*Excerpts from a dataset*.
====

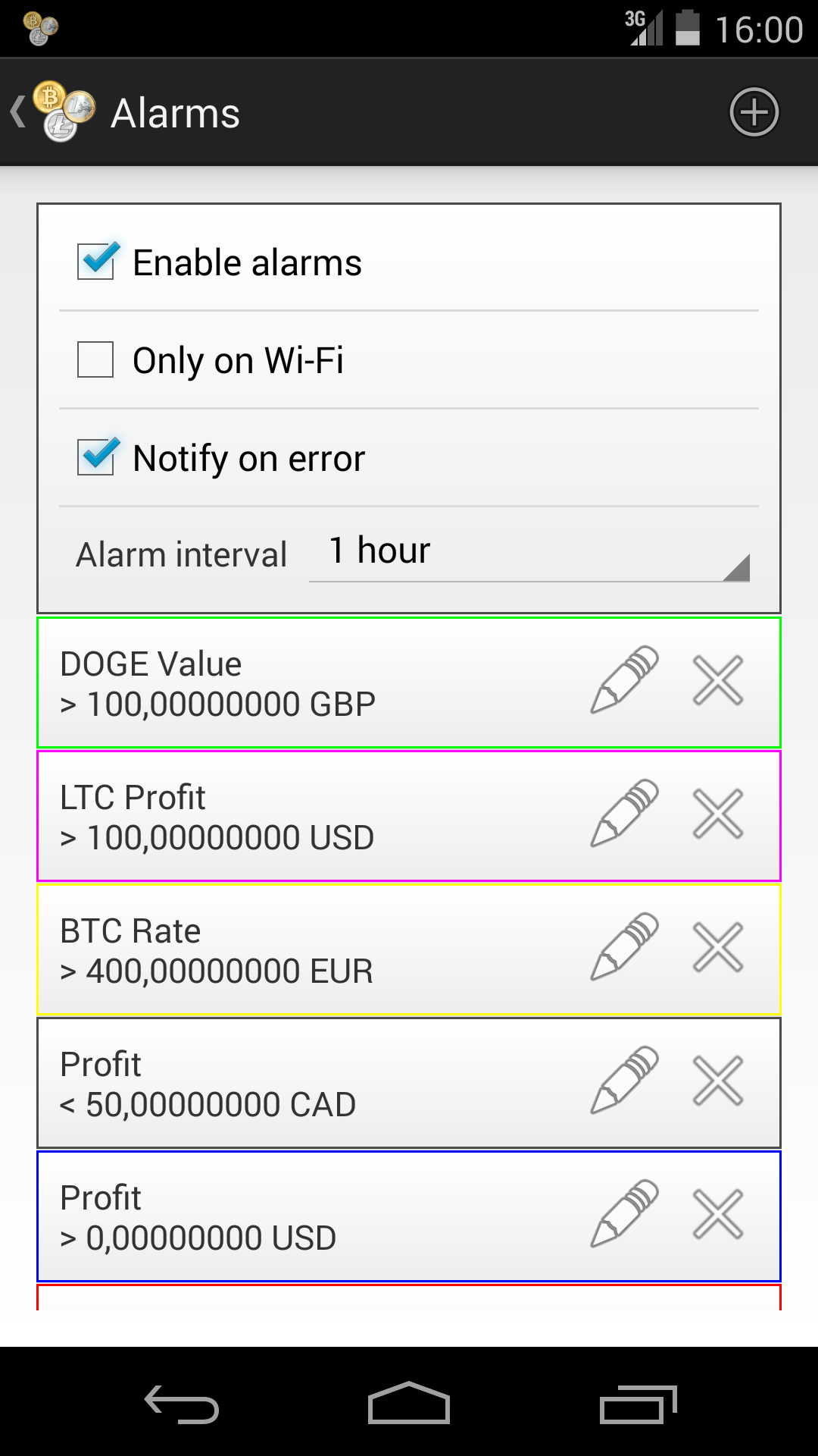 A donation can be made via in-app purchase or crypto currency. After a donation it is possible to set alarms and get notifications for your total profit and/or crypto currency rate/value/profit. Also adds can be removed after a donation.
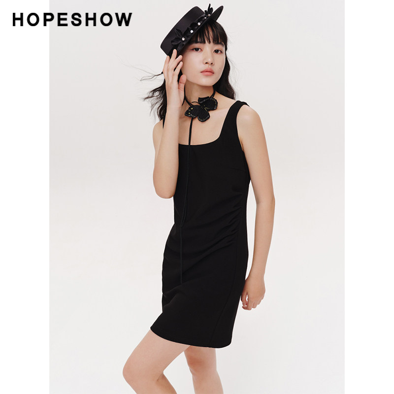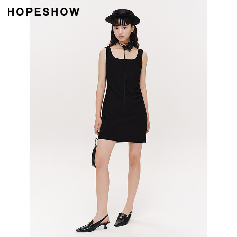 【直播专享低价好物】红袖春新款女装褶皱收腰方领套头背心连衣裙
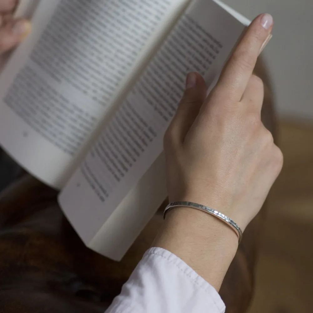 Un jonc fin ajustable, martelé doré ou argenté.
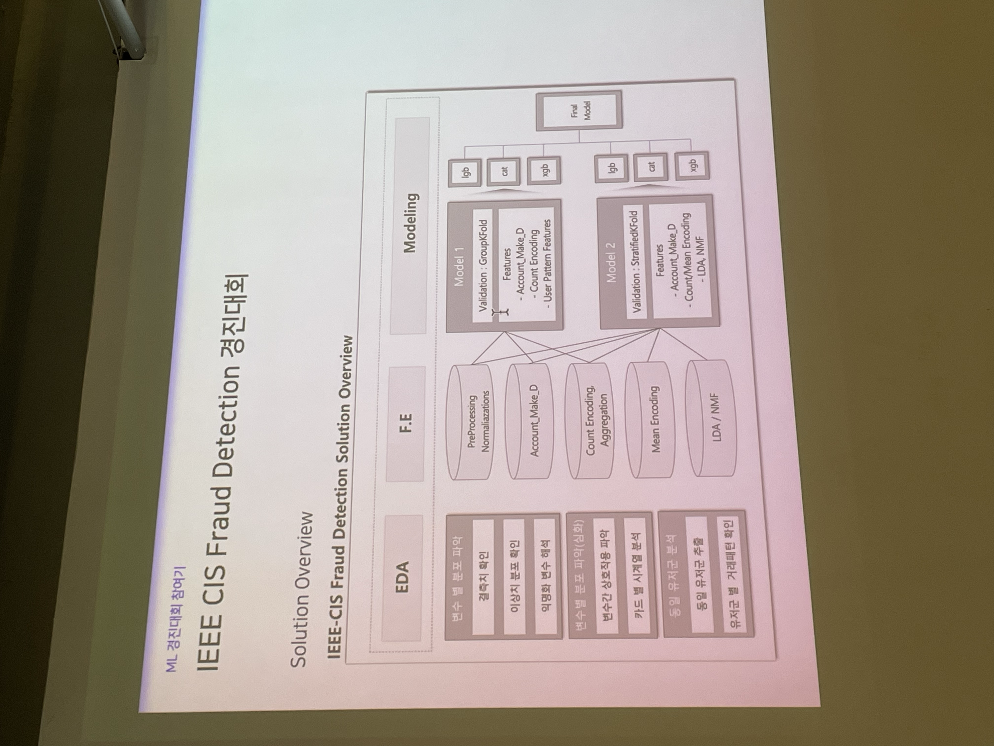총 두가지 대회의 후기를 공유해주셨다. IEEE CIS Fraud Detection 경진대회로, 캐글 대회였다. 요새는 이러한 정형 데이터 기반 ML 경진대회가 거의 안나온다고 하니 잘 알아두기만 하자.
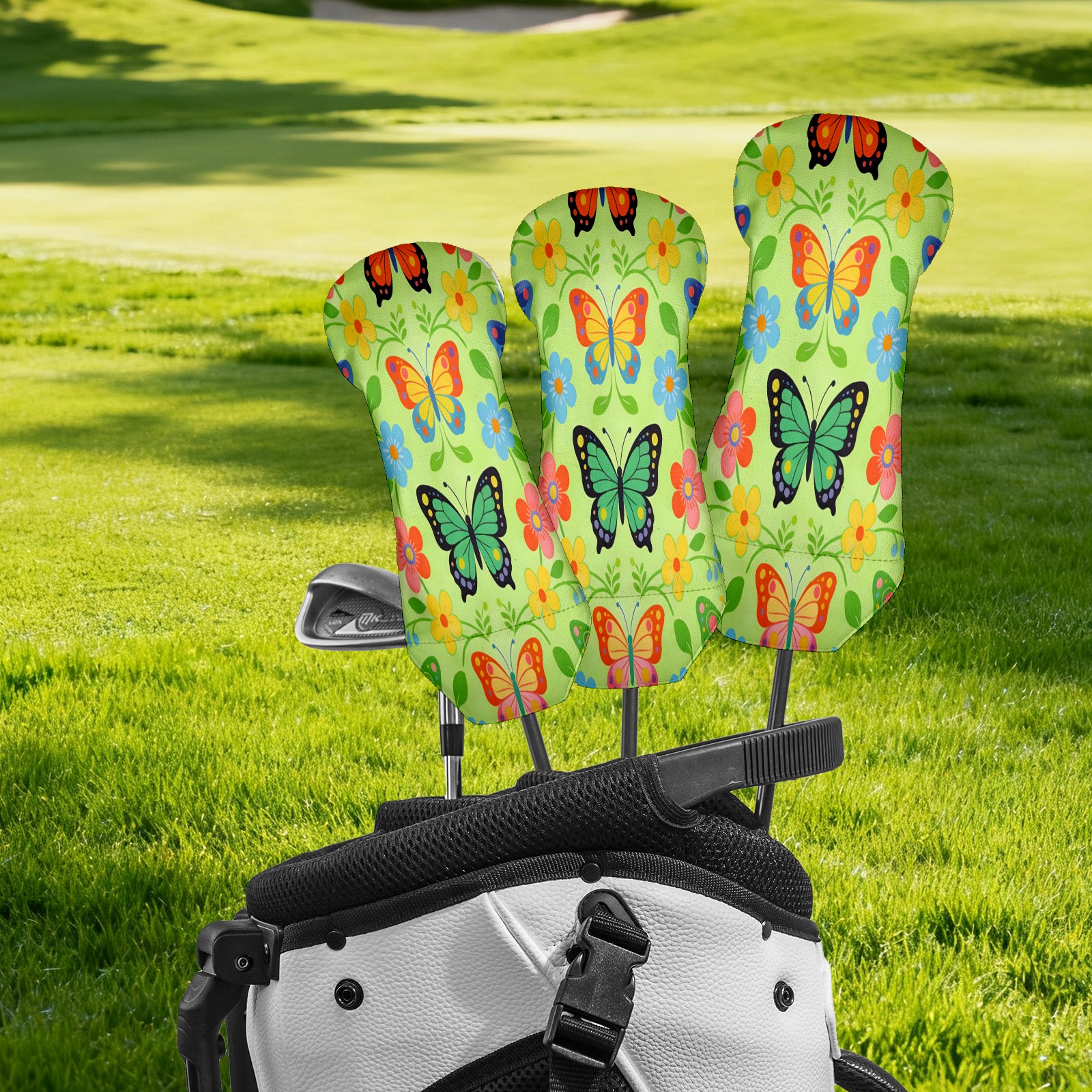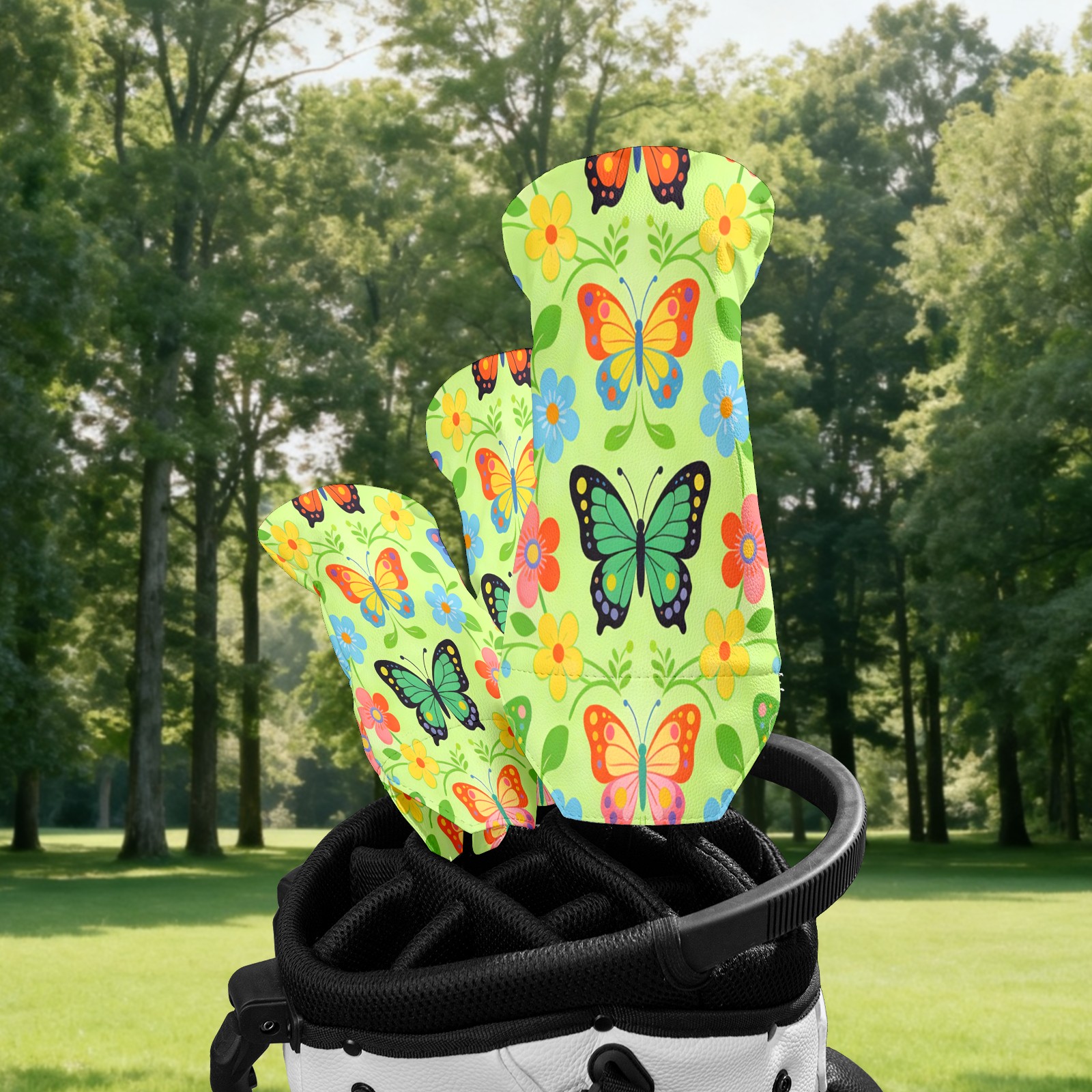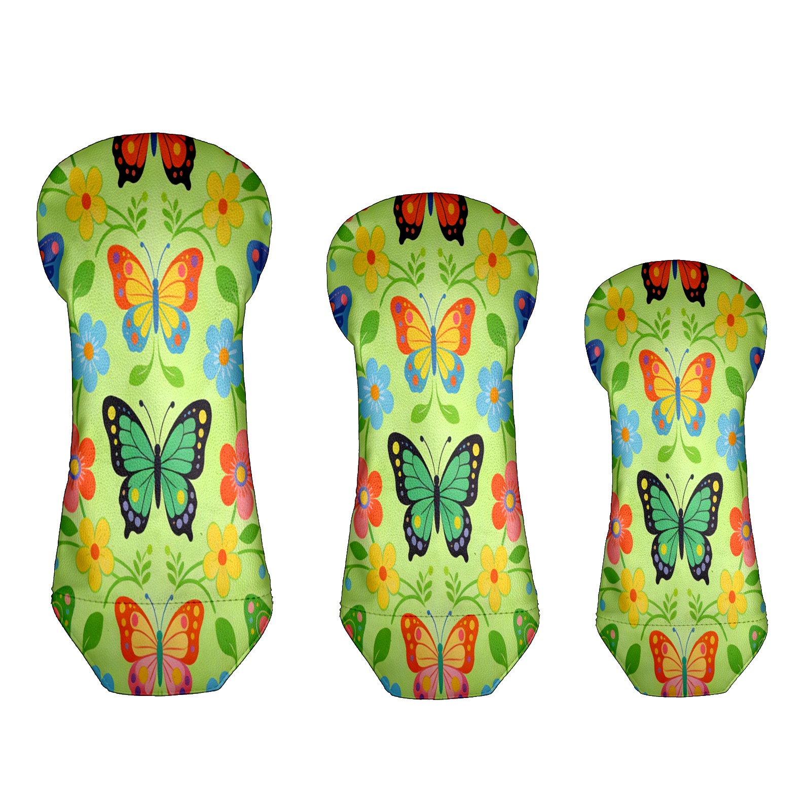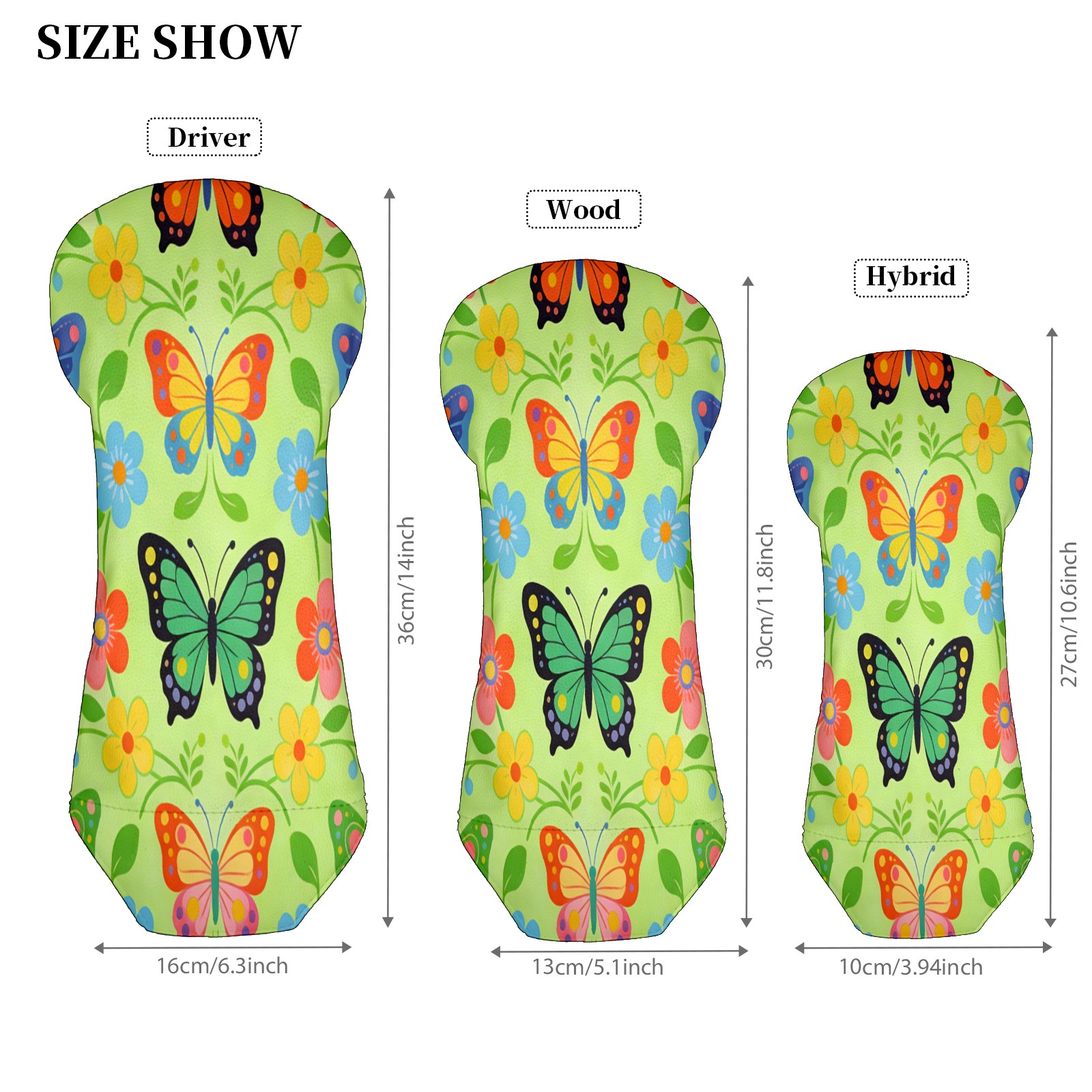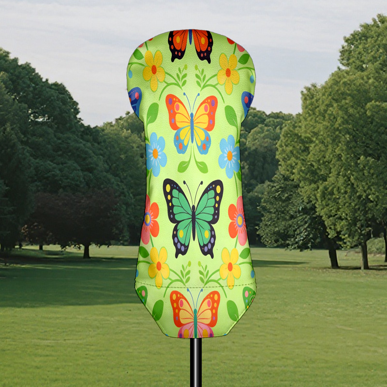 Golf Headcover Floral Butterfly Green Driver Cover Premium Leather Golf Club Head Cover for Woods and Driver, Club Covers Protection for Women Men
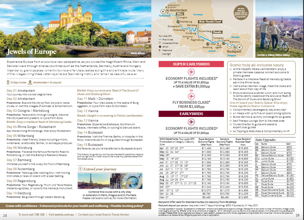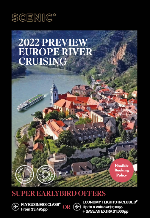 Australian luxury cruise operator Scenic has unveiled its 2022 Preview Europe River Cruising brochure, offering Super Earlybird offers on a collection of itineraries.The 76-page brochure features 11 voyages in Europe aboard its no-more-than 163-guest ships, including Scenic Jasper, Scenic Opal, Scenic Amber, Scenic Crystal, Scenic Jewel, Scenic Jade, Scenic Ruby, Scenic Pearl, Scenic Sapphire, Scenic Diamond, Scenic Gem and Scenic Azure.
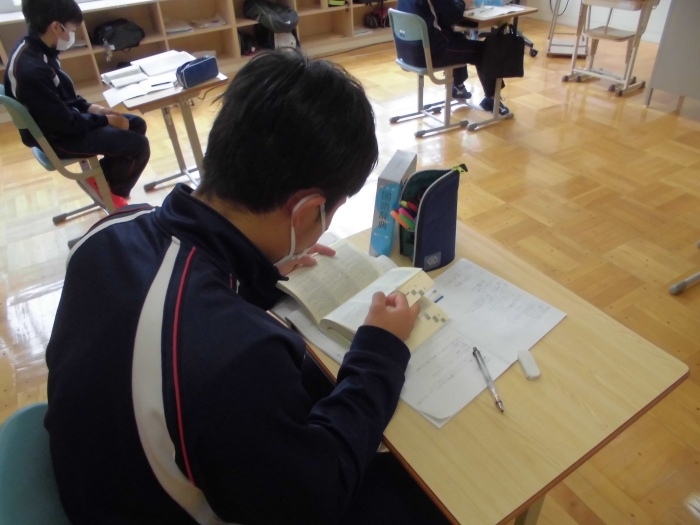3年生は国語。「熟字訓」の学習です。一日は「いちにち」「ついたち」と読み方がありますが、それぞれで意味が変わってきます。辞書を使い意味を調べながら学習を進めていました。

====

*YOUR OBJECTIVE*. Every line of the data should be transcribed exactly. Omit the images.

*RESULT BELOW*.
 A donation can be made via in-app purchase or crypto currency. After a donation it is possible to set alarms and get notifications for your total profit and/or crypto currency rate/value/profit. Also adds can be removed after a donation.
 【直播专享低价好物】红袖春新款女装褶皱收腰方领套头背心连衣裙
 Un jonc fin ajustable, martelé doré ou argenté.
총 두가지 대회의 후기를 공유해주셨다. IEEE CIS Fraud Detection 경진대회로, 캐글 대회였다. 요새는 이러한 정형 데이터 기반 ML 경진대회가 거의 안나온다고 하니 잘 알아두기만 하자.
 Golf Headcover Floral Butterfly Green Driver Cover Premium Leather Golf Club Head Cover for Woods and Driver, Club Covers Protection for Women Men
 Australian luxury cruise operator Scenic has unveiled its 2022 Preview Europe River Cruising brochure, offering Super Earlybird offers on a collection of itineraries.The 76-page brochure features 11 voyages in Europe aboard its no-more-than 163-guest ships, including Scenic Jasper, Scenic Opal, Scenic Amber, Scenic Crystal, Scenic Jewel, Scenic Jade, Scenic Ruby, Scenic Pearl, Scenic Sapphire, Scenic Diamond, Scenic Gem and Scenic Azure.
3年生は国語。「熟字訓」の学習です。一日は「いちにち」「ついたち」と読み方がありますが、それぞれで意味が変わってきます。辞書を使い意味を調べながら学習を進めていました。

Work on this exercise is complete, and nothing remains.